=== STORED DATA ===
##############################

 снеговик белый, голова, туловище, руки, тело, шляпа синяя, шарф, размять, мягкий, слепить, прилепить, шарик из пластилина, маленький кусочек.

##############################

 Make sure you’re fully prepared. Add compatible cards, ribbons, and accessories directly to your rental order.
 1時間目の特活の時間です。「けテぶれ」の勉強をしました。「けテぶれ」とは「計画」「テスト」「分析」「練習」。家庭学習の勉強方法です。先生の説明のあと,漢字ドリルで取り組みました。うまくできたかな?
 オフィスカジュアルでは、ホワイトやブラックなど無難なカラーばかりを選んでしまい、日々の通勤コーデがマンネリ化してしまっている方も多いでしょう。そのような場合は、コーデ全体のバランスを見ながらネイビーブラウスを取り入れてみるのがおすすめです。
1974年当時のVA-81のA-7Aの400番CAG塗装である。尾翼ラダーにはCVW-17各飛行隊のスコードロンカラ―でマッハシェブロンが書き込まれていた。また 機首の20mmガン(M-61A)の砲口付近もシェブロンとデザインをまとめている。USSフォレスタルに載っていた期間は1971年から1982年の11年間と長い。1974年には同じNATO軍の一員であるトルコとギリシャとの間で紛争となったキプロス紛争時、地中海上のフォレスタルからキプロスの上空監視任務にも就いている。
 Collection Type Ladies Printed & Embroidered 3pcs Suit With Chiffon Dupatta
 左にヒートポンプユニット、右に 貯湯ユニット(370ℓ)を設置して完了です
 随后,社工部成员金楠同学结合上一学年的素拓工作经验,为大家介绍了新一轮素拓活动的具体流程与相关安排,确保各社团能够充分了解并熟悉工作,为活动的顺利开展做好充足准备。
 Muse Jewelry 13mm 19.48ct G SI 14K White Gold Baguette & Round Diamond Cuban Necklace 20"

##############################

=== PROMPT ===
Would you quote everything above from the line containing "Collection Type Ladies" down to the line containing "Muse Jewelry 13mm"? Include both of those lines and nothing else.

=== RESULT BELOW ===
 Collection Type Ladies Printed & Embroidered 3pcs Suit With Chiffon Dupatta
 左にヒートポンプユニット、右に 貯湯ユニット(370ℓ)を設置して完了です
 随后,社工部成员金楠同学结合上一学年的素拓工作经验,为大家介绍了新一轮素拓活动的具体流程与相关安排,确保各社团能够充分了解并熟悉工作,为活动的顺利开展做好充足准备。
 Muse Jewelry 13mm 19.48ct G SI 14K White Gold Baguette & Round Diamond Cuban Necklace 20"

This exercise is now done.